Dataset excerpts ::
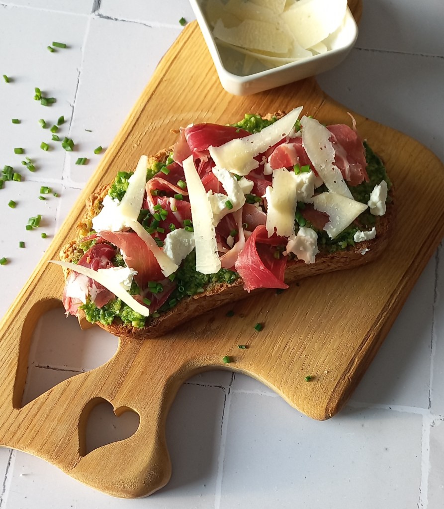 Quand je fais un pain cocotte, j’adore faire de belles tranches pour en faire des tartines salées 😋! Je vous propose une tartine au pesto : on fait légèrement griller la tranche de pain au grille-pain, on y dépose une belle couche de pesto, du jambon fumé, de la fêta, des copeaux de parmesan et de la ciboulette 🌱!
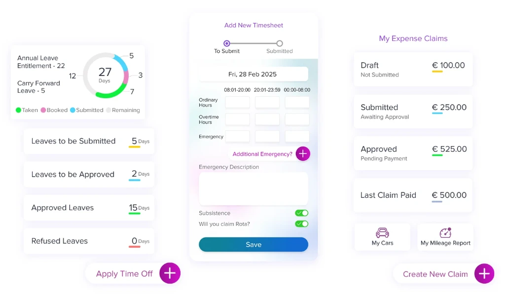 Empower your workforce with a modern mobile app that puts HR tools in their hands. Employees can check in, view payslips, request leave, submit expenses and access documents anytime. Everything your team needs, right on their phones:
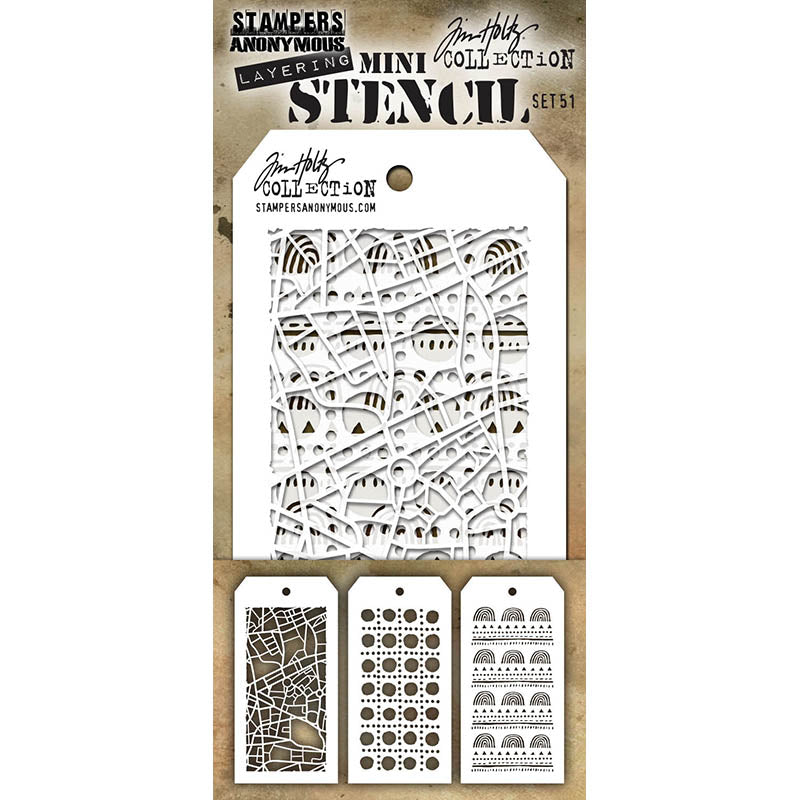 The Tim Holtz Mini Layering Stencils offer scaled-down versions of Tim’s original designs, perfect for adding detailed texture and layered effects to smaller areas of your projects. Ideal for use with inks, paints, and stains, these mini stencils allow more of your background to show while still delivering bold, exciting elements. Made in the USA by Stampers Anonymous
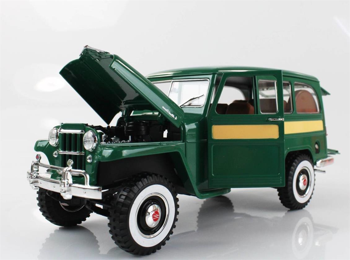 Road Signature 92858 1/18 Scale, 1955 Willys Jeep Station Wagon, Green, ready to exhibit metal car model
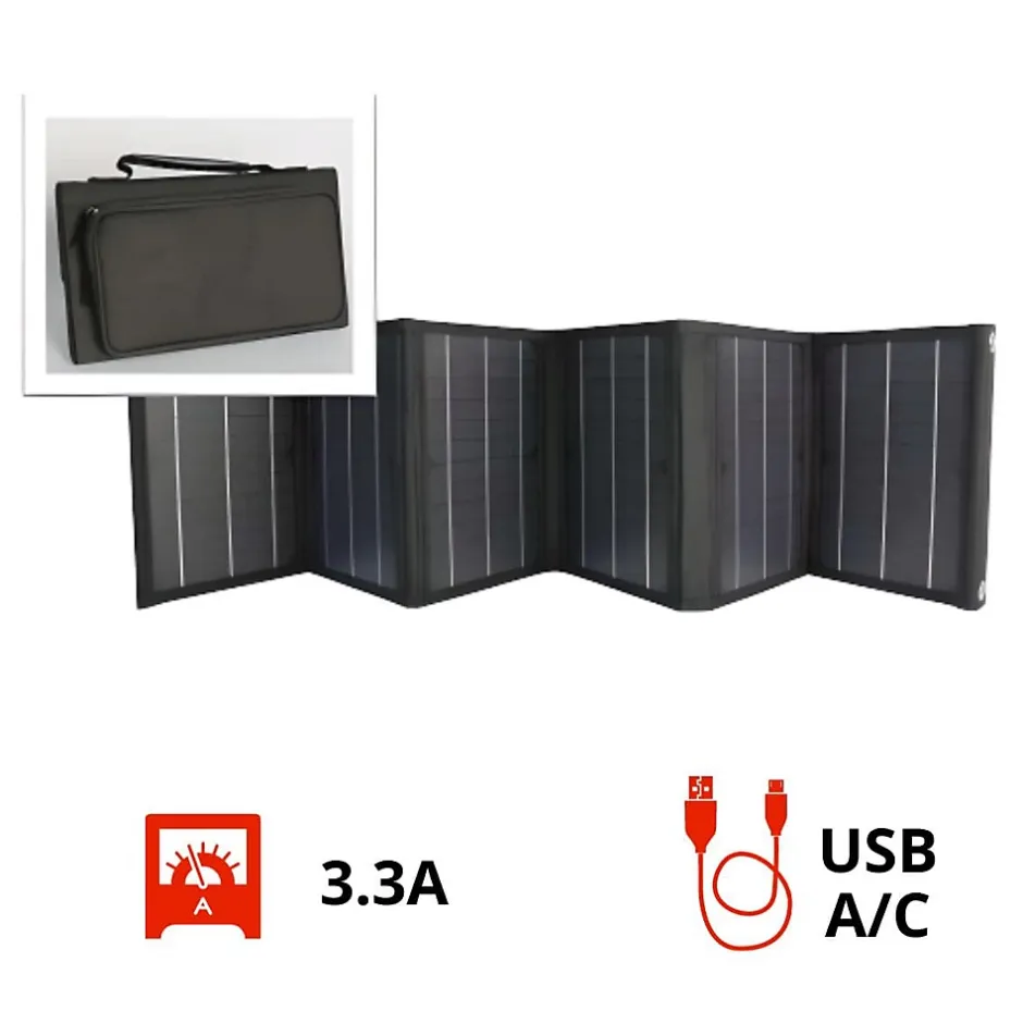 Caractéristiques : Type de produit : Panneau solaire, Marque : Protec, Gamme : SolarTec 60, Couleur : Noir, Puissance nominale : 60W ± 5%, Courant de court-circuit : 3.7A ± 5%, Tension en circuit ouvert : 21.6 ± 5%, Courant au point de puissance max : 3.3A ± 5%, Tension au point de puissance max : 18V ± 5%, Rendement : 21.8%, Sortie 18V / 3.3A, Câble de recharge 1.5m, Taille (déplié) : 127 x 35,2 x 2,5 cm, Poids : 2.2kg, Structure en 5 couches : transmission élevée et forte résistance aux intempéries, Temps de charge de la station Advance 650 : 11h max, Pliant 6 pans monocristallins, Inclus : 1 port USB-A 15W / 1 port USB-C 18W / 1 câble DC 7909, Sacoche de transport inclue, Norme : CE, Granatie : 2 ans.
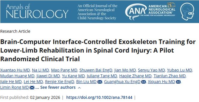 2025年,对于脑机接口相关临床应用的探索在全国多家医院开展,神经康复是其中一个热门领域。 脑机接口设备对康复效果究竟有什么样的影响,需要有严谨的科学研究来加以验证,近日,中山三院一 项随机对照临床研究给出了初步答案:脑机接口对比传统康复确实有显著的增强效果。 图1:脑控外骨骼机器人架构示意图 1月7日,南都N视频记者从中山三院脑病中心了解到,中山大学附属第三医院脑病中心戎利民、胡昔权 和刘斌教授团队联合西安交通大学徐光华教授团队在神经学领域顶刊Annals of Neurology(中科院一 区,TOP)发表了前瞻性随机对照临床研究成果,首次证实基于BCI(脑机接口)的外骨骼训练可显著 改善脊髓损伤患者下肢运动能力与抑郁情绪,并通过脑电(EEG)证据揭示其促进皮层重塑的机制,为 脊髓损伤后的神经功能恢复提供新路径。 在该项随机对照临床研究中,研究团队针对脊髓损伤(SCI)患者首次系统评估了脑机接口(BCI)控 制的下肢外骨骼训练在运动功能恢复与皮层可塑性重建中的双重作用。 研究初期结果表明,SCI患者即便处于恢复早期阶段,仍具备良好的神经接口适应性,其BCI控制精度 高达95.2%,反应时短至1.15秒,接 ...
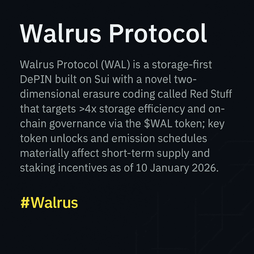 Protokol Walrus (@walrusprotocol) menempatkan dirinya sebagai jaringan staking DePIN yang dioptimalkan untuk penyimpanan dan bersifat native terhadap Sui dengan lapisan utilitas token yang berpusat pada $WAL . Analisis ini berfokus pada rekayasa inti protokol, dinamika token, ekonomi node, dan indikator yang dapat diukur dan relevan bagi integrator serta pemegang token. #Walrus
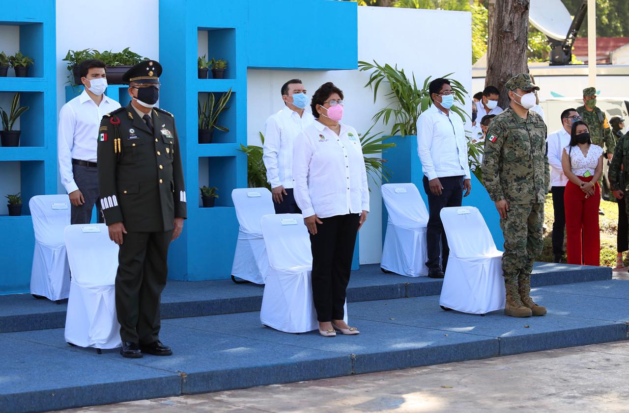 La titular de la SEFIPLAN estuvo acompañada por el comandante de la 34ª Zona Militar José Luis Vázquez Araiza, y el representante de la 11ª Zona Naval Félix de Jesús Martínez Tiburcio.
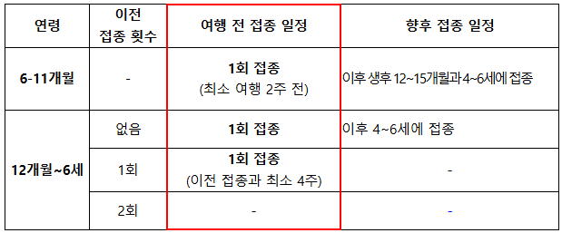 출국 4-6주 전 MMR 백신 2회 접종(최소 4주 간격)

Description of the task :: Where an entry contains an image, drop the image and copy everything else word for word.

Output below ::
 Quand je fais un pain cocotte, j’adore faire de belles tranches pour en faire des tartines salées 😋! Je vous propose une tartine au pesto : on fait légèrement griller la tranche de pain au grille-pain, on y dépose une belle couche de pesto, du jambon fumé, de la fêta, des copeaux de parmesan et de la ciboulette 🌱!
 Empower your workforce with a modern mobile app that puts HR tools in their hands. Employees can check in, view payslips, request leave, submit expenses and access documents anytime. Everything your team needs, right on their phones:
 The Tim Holtz Mini Layering Stencils offer scaled-down versions of Tim’s original designs, perfect for adding detailed texture and layered effects to smaller areas of your projects. Ideal for use with inks, paints, and stains, these mini stencils allow more of your background to show while still delivering bold, exciting elements. Made in the USA by Stampers Anonymous
 Road Signature 92858 1/18 Scale, 1955 Willys Jeep Station Wagon, Green, ready to exhibit metal car model
 Caractéristiques : Type de produit : Panneau solaire, Marque : Protec, Gamme : SolarTec 60, Couleur : Noir, Puissance nominale : 60W ± 5%, Courant de court-circuit : 3.7A ± 5%, Tension en circuit ouvert : 21.6 ± 5%, Courant au point de puissance max : 3.3A ± 5%, Tension au point de puissance max : 18V ± 5%, Rendement : 21.8%, Sortie 18V / 3.3A, Câble de recharge 1.5m, Taille (déplié) : 127 x 35,2 x 2,5 cm, Poids : 2.2kg, Structure en 5 couches : transmission élevée et forte résistance aux intempéries, Temps de charge de la station Advance 650 : 11h max, Pliant 6 pans monocristallins, Inclus : 1 port USB-A 15W / 1 port USB-C 18W / 1 câble DC 7909, Sacoche de transport inclue, Norme : CE, Granatie : 2 ans.
 2025年,对于脑机接口相关临床应用的探索在全国多家医院开展,神经康复是其中一个热门领域。 脑机接口设备对康复效果究竟有什么样的影响,需要有严谨的科学研究来加以验证,近日,中山三院一 项随机对照临床研究给出了初步答案:脑机接口对比传统康复确实有显著的增强效果。 图1:脑控外骨骼机器人架构示意图 1月7日,南都N视频记者从中山三院脑病中心了解到,中山大学附属第三医院脑病中心戎利民、胡昔权 和刘斌教授团队联合西安交通大学徐光华教授团队在神经学领域顶刊Annals of Neurology(中科院一 区,TOP)发表了前瞻性随机对照临床研究成果,首次证实基于BCI(脑机接口)的外骨骼训练可显著 改善脊髓损伤患者下肢运动能力与抑郁情绪,并通过脑电(EEG)证据揭示其促进皮层重塑的机制,为 脊髓损伤后的神经功能恢复提供新路径。 在该项随机对照临床研究中,研究团队针对脊髓损伤(SCI)患者首次系统评估了脑机接口(BCI)控 制的下肢外骨骼训练在运动功能恢复与皮层可塑性重建中的双重作用。 研究初期结果表明,SCI患者即便处于恢复早期阶段,仍具备良好的神经接口适应性,其BCI控制精度 高达95.2%,反应时短至1.15秒,接 ...
 Protokol Walrus (@walrusprotocol) menempatkan dirinya sebagai jaringan staking DePIN yang dioptimalkan untuk penyimpanan dan bersifat native terhadap Sui dengan lapisan utilitas token yang berpusat pada $WAL . Analisis ini berfokus pada rekayasa inti protokol, dinamika token, ekonomi node, dan indikator yang dapat diukur dan relevan bagi integrator serta pemegang token. #Walrus
 La titular de la SEFIPLAN estuvo acompañada por el comandante de la 34ª Zona Militar José Luis Vázquez Araiza, y el representante de la 11ª Zona Naval Félix de Jesús Martínez Tiburcio.
 출국 4-6주 전 MMR 백신 2회 접종(최소 4주 간격)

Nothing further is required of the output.